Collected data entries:

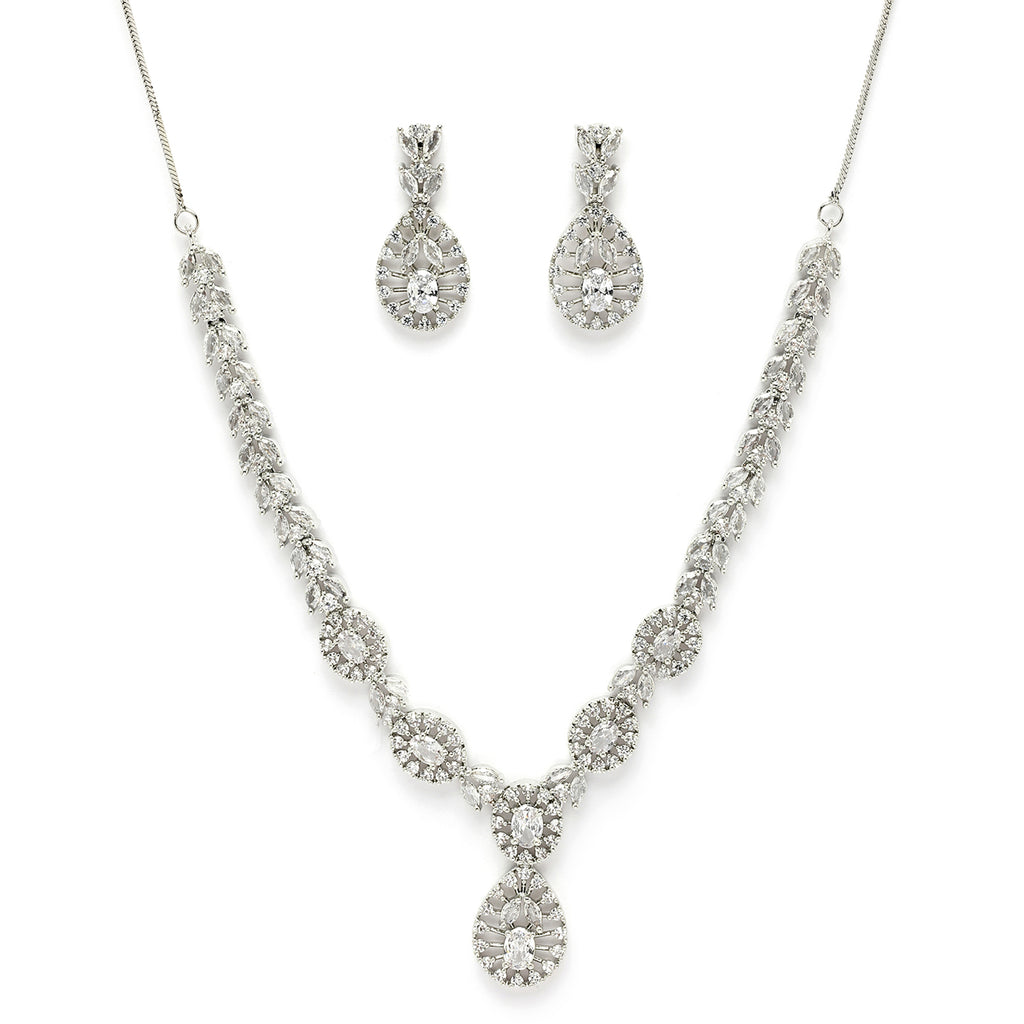 Elegant Design: Rhodium-plated necklace set featuring a stunning floral drop design, adorned with sparkling white American diamonds.
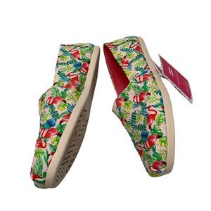 NIB Toms x Paper Source Alpargata Slip-On Sz 9 Pink Flamingos
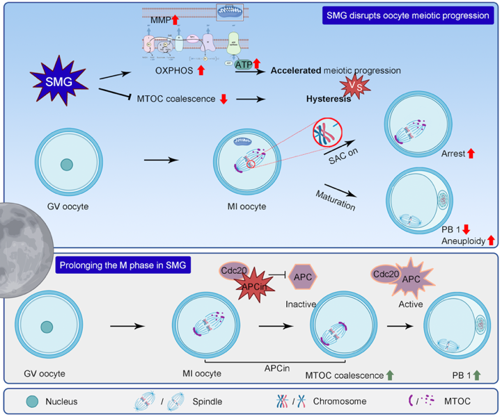 该研究显示SMG诱导小鼠卵母细胞独特的能量代谢损伤,表现为增加的氧化磷酸化(OXPHOS)与线粒体膜电位超极化,这不同于卵母细胞在常规重力下其他暴露所引起的能量代谢损伤,表明微重力与卵母细胞两者的特殊性。与此同时,SMG加速减数分裂进程,但延迟了微管组装中心(MTOC)融合,最终引起卵母细胞成熟阻滞。该研究针对加速的减数分裂进程,使用了后期促进复合体抑制剂(APCin)进行分裂期延长。结果表明延长分裂期改善了纺锤体组装与MTOC融合,最终恢复SMG下卵母细胞第一极体(PB1)排放情况。该研究为微重力下卵母细胞成熟与空间雌性生殖给予了理论依据,并为未来开发空间生殖干预给予了潜在方案。
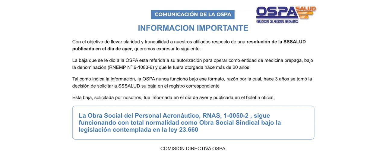 Tal como indica la información, la OSPA nunca funciono bajo ese formato, razón por la cual, hace 3 años se tomó la decisión de solicitar a SSSALUD su baja en el registro correspondiente
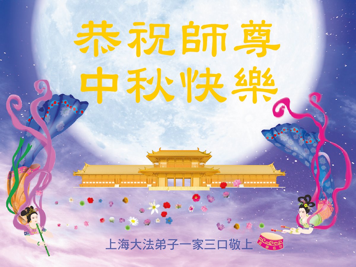 恭祝慈悲伟大的师尊中秋快乐! 上海一家大法弟子敬上 四川省资阳市及在上海市的大法弟子全家及亲朋敬拜恭祝师父中秋节快乐!
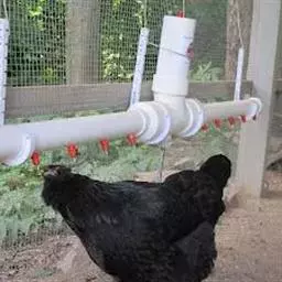 饮水器式样有手提式和吊挂式两种,1-8日龄的雏鸡用手提式的饮水器,容量为0.5千克,每70-80羽鸡需要一只;9日龄后更换较大的中型饮水器,容量2千克,每70-80羽鸡提供一只;如果用吊挂式自动饮水器,每125羽鸡配置一个;如以自动饮水槽供水,每羽鸡应占饮水位置为2厘米。
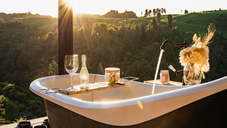 At one end is the bedroom hut, with the kitchen and bathroom hut in the middle, and finally the lounge hut - which can accommodate an extra couple or two children on a fold-out sofa. An outdoor tub on the deck outside the bedroom hut is perfectly positioned to enjoy the stunning sunsets and sunrises from the elevated position. The huts sit on a hill overlooking native forest and farmland. The native bush to the rear of the hut is rich with wildlife. You'll hear the rare and beautiful notes of the endangered kokako. And at night, if you're lucky, you'll hear the sound of kiwi calling.
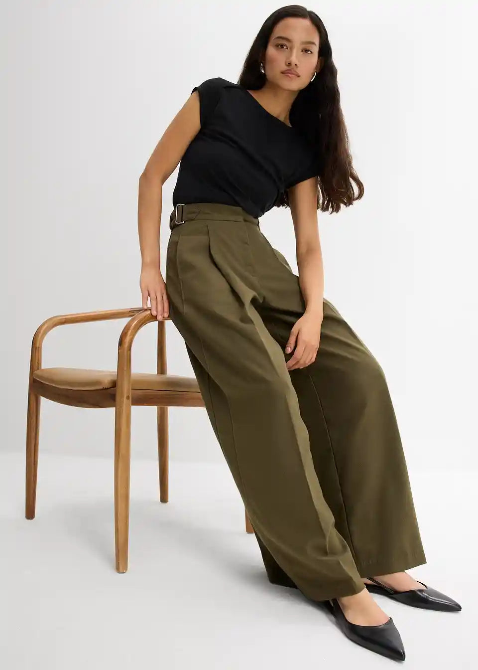 Hose mit Seitenschnallen aus Viskose-Mix
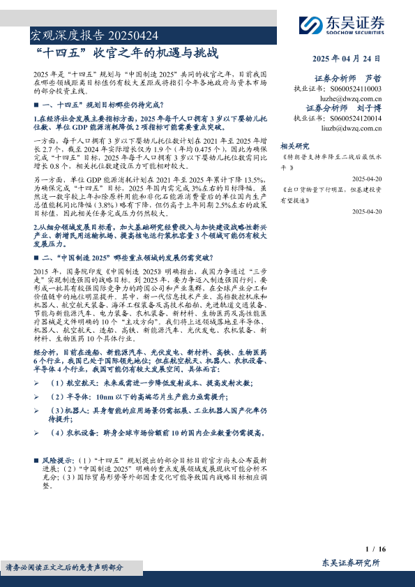 【东吴证券】【20250424】“十四五”收官之年的机遇与挑战-16页
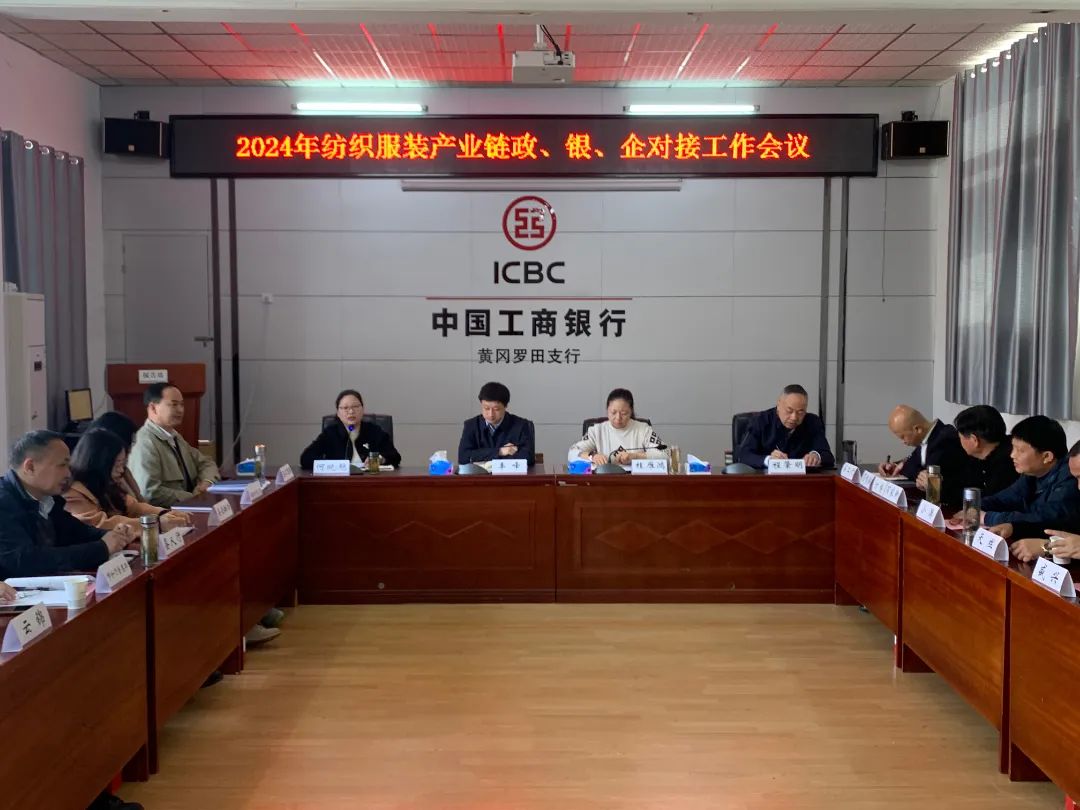 3月14日上午,县工商联、县政协经济委共同组织的县纺织服装产业链政、银、企对接工作会议在县工商银行召开。县委委员、县委统战部部长、县纺织服装产业链链长丰峰,县政府副县长桂雁鸿,中国工商银行黄冈分行副行长程肇明出席会议,县政协副主席、县工商联主席、县纺织服装产业链副链长何晓艳主持会议。
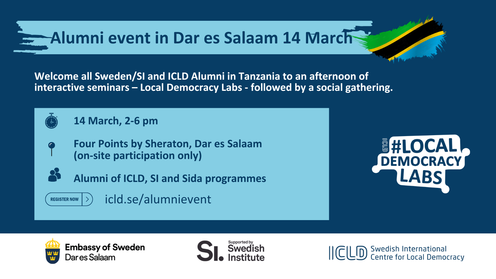 The event is open for: Sweden/SI and ICLD Alumni in Tanzania. The event is free of charge but ICLD cannot cover any transportation or accommodation.
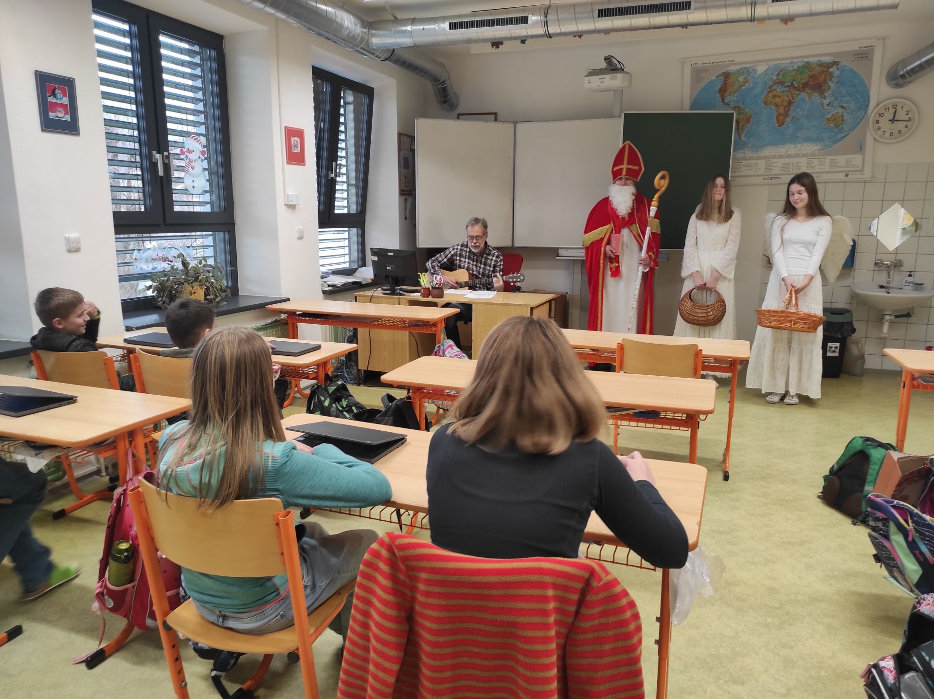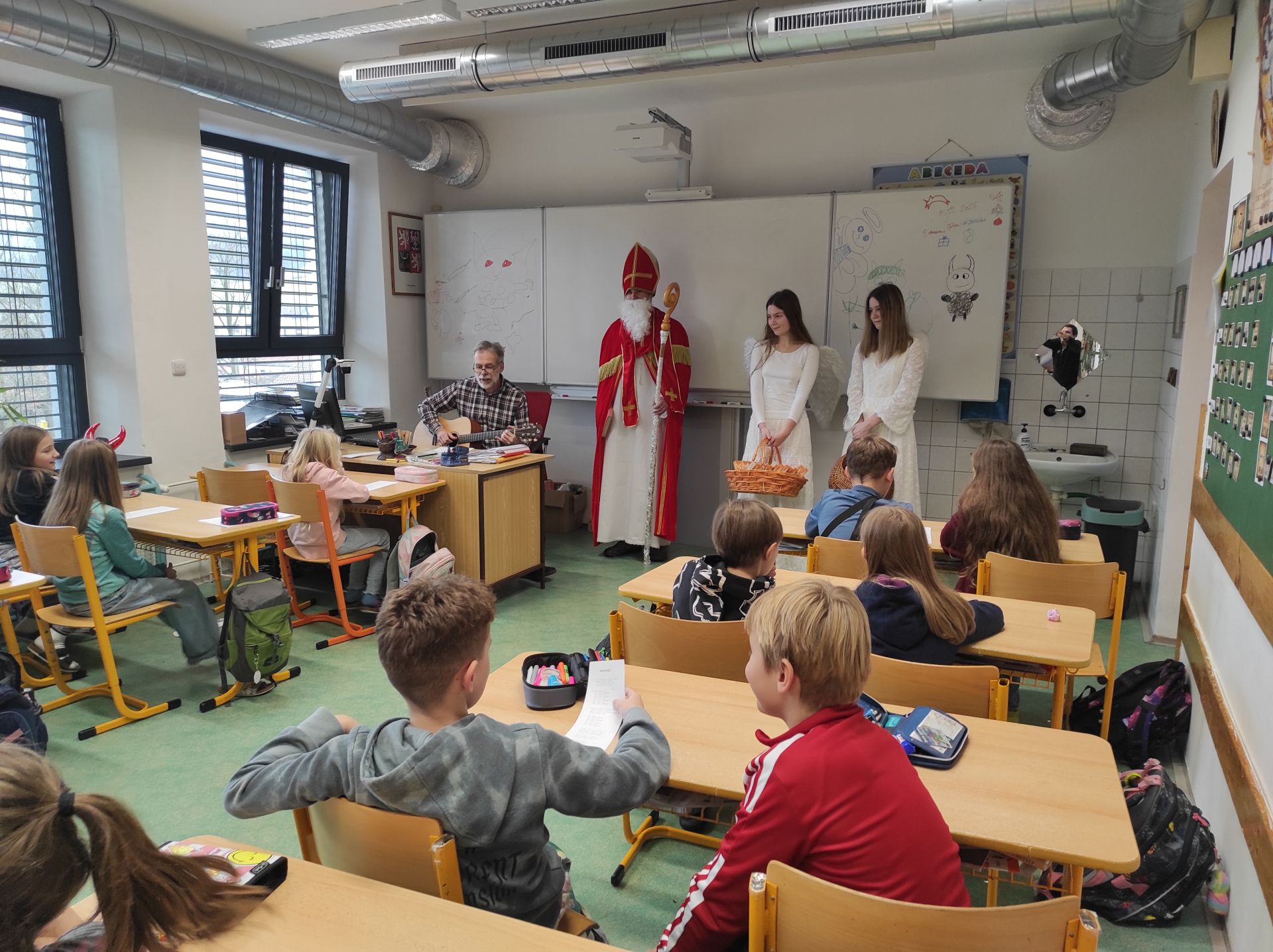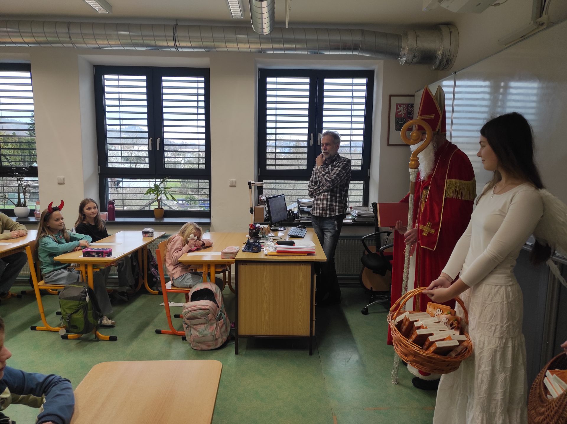 V pátek 5. prosince děti navštívil svatý Mikuláš v doprovodu dvou andělů a čerta. Ujistil se, že jsou děti slušně vychované a nemluví sprostě, společně si zazpívali a všechny děti podaroval sladkými odměnami.
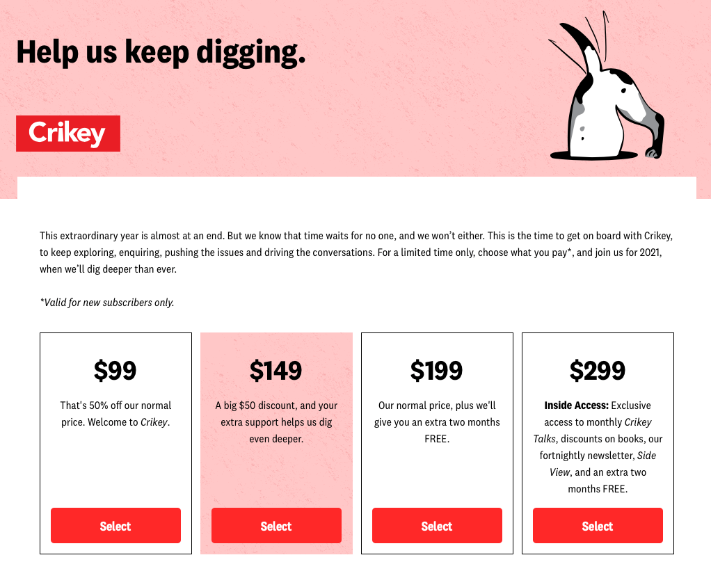 First campaign, our first ever pay as you feel sale. No other Australian publisher and barely any other worldwide have tried a pay as you feel model. It was uncharted waters. Will people just pay the minimum? Will they pay more just to support the journalism? The brief was to structure the model and make it work.
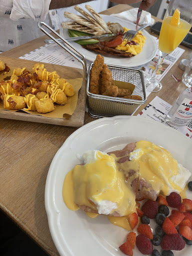 Read moreUna imbarazzante figuraccia per i gestori di questa bakery... Sul menù offrono una pietanza di cui non hanno un ingrediente principale, poco male, la ordino lo stesso perché ho pensato che le uova alla benedict senza pulled pork dovevano essere lo stesso buone. Il cameriere mi chiede se il pulled pork desidero sostituirlo con altra cosa, così vedendo che è un ingrediente usato per altri piatti chiedo una fettina di avocado. Tralasciando il cibo piuttosto mediocre, con patatine fritte fredde e pane del bagel straduro e stopposo, finisco il pasto e vado in cassa. Un uomo che lavora lì si avvicina alla titolare per accennare della mancanza dell'ingrediente (e immagino quindi una riduzione dell'importo del conto) Quest'ultima accenna a un "va bè" e batte il costo degli ordini senza ovviamente scontare nulla. Senza menzionare il fatto che di tutte queste spiacevoli cose ne ho fatta presente solo una al cameriere (ma solo perché mi è stata fatta la classica domanda "tutto bene?") Gli dico che le patatine sono un po' fredde e mi risponde che fa presente in cucina. Ora, cosa me ne faccio di questo fare presente in cucina se il piatto non lo riprendi e mi porti patatine calde?? Quale clima di terrorismo c'è in un ristorante se al cameriere non viene data la possibilità di assicurarsi che veramente vada tutto bene? Senza parlare della figuraccia di cui prima. Io non ho chiesto sconti ma il fatto che non mi sia stato offerto la rende una cosa davvero spiacevole....
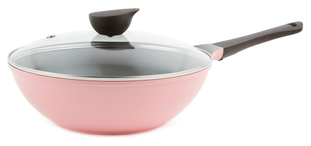 Wok (Chef's Pan) with Glass Lid - 12-inch Ceramic Nonstick in Pink by Neoflam best All Pans
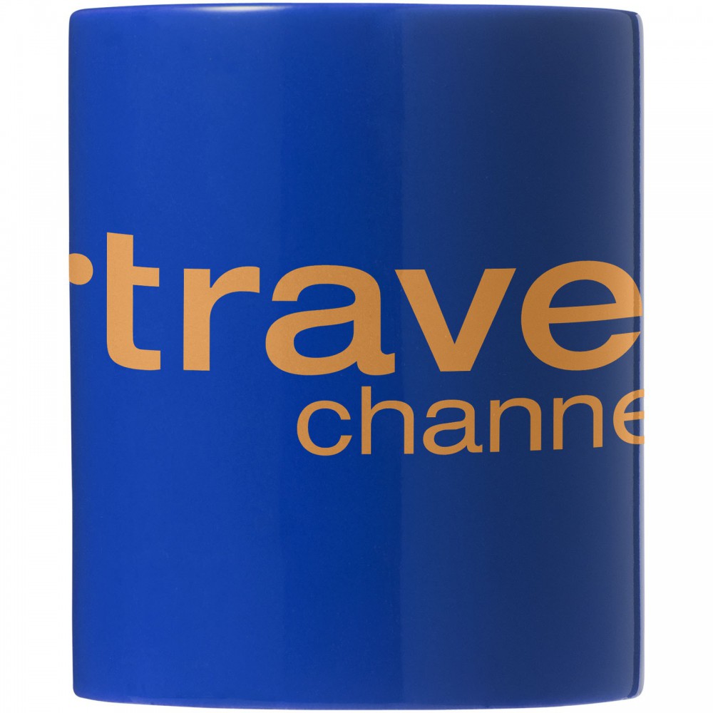 Klasszikus 330 ml-es kerámia bögre. Nem szivárgásmentes. Szénsavas italokkal is használható. Mosogatógépben mosható és mikrohullámú sütőben történő melegítésre alkalmas. Fehér kartondobozban szállítjuk.
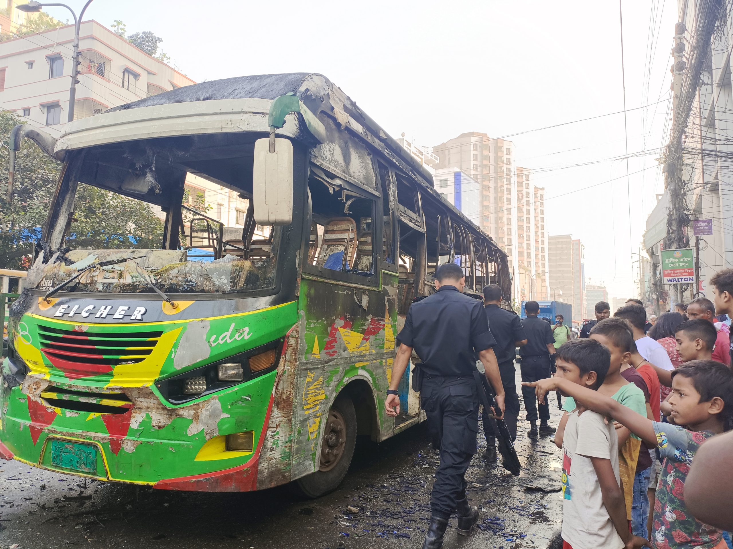 জুরান পোস্তগোলা থেকে উত্তরা যাবার পথে বাড্ডা শাহাদতপুর রাইদা বাস ভাঙচুর ও আগুন দুপুর ২ টা ২৮ মিনিটে আগুন লং টাইম থাকার পর ফায়ার সার্ভিসের লোক এসে আগুন নিয়ন্ত্রণে এনেছে
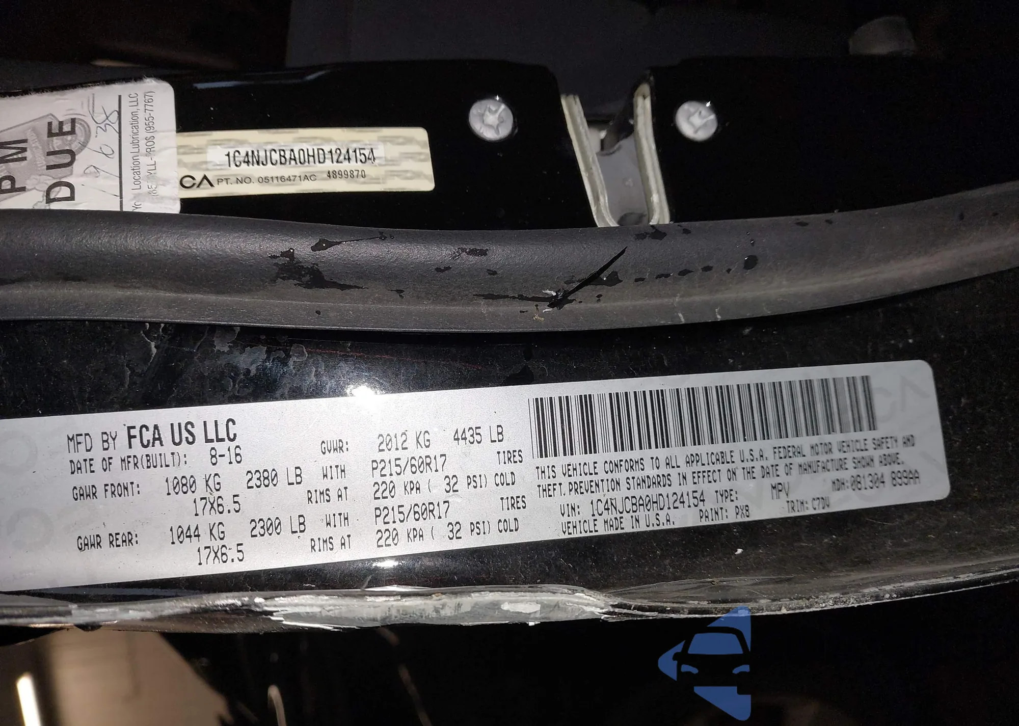 • VIN 1C4NJCBA0HD124154

EXERCISE BRIEF:
If a line comes after the line with "饮水器式样有手提式和吊挂式两", it stays out; print exactly every line from the start of the entries up to and including that line, but no pictures.

SOLUTION TO THIS EXERCISE:
 Elegant Design: Rhodium-plated necklace set featuring a stunning floral drop design, adorned with sparkling white American diamonds.
 NIB Toms x Paper Source Alpargata Slip-On Sz 9 Pink Flamingos
 该研究显示SMG诱导小鼠卵母细胞独特的能量代谢损伤,表现为增加的氧化磷酸化(OXPHOS)与线粒体膜电位超极化,这不同于卵母细胞在常规重力下其他暴露所引起的能量代谢损伤,表明微重力与卵母细胞两者的特殊性。与此同时,SMG加速减数分裂进程,但延迟了微管组装中心(MTOC)融合,最终引起卵母细胞成熟阻滞。该研究针对加速的减数分裂进程,使用了后期促进复合体抑制剂(APCin)进行分裂期延长。结果表明延长分裂期改善了纺锤体组装与MTOC融合,最终恢复SMG下卵母细胞第一极体(PB1)排放情况。该研究为微重力下卵母细胞成熟与空间雌性生殖给予了理论依据,并为未来开发空间生殖干预给予了潜在方案。
 Tal como indica la información, la OSPA nunca funciono bajo ese formato, razón por la cual, hace 3 años se tomó la decisión de solicitar a SSSALUD su baja en el registro correspondiente
 恭祝慈悲伟大的师尊中秋快乐! 上海一家大法弟子敬上 四川省资阳市及在上海市的大法弟子全家及亲朋敬拜恭祝师父中秋节快乐!
 饮水器式样有手提式和吊挂式两种,1-8日龄的雏鸡用手提式的饮水器,容量为0.5千克,每70-80羽鸡需要一只;9日龄后更换较大的中型饮水器,容量2千克,每70-80羽鸡提供一只;如果用吊挂式自动饮水器,每125羽鸡配置一个;如以自动饮水槽供水,每羽鸡应占饮水位置为2厘米。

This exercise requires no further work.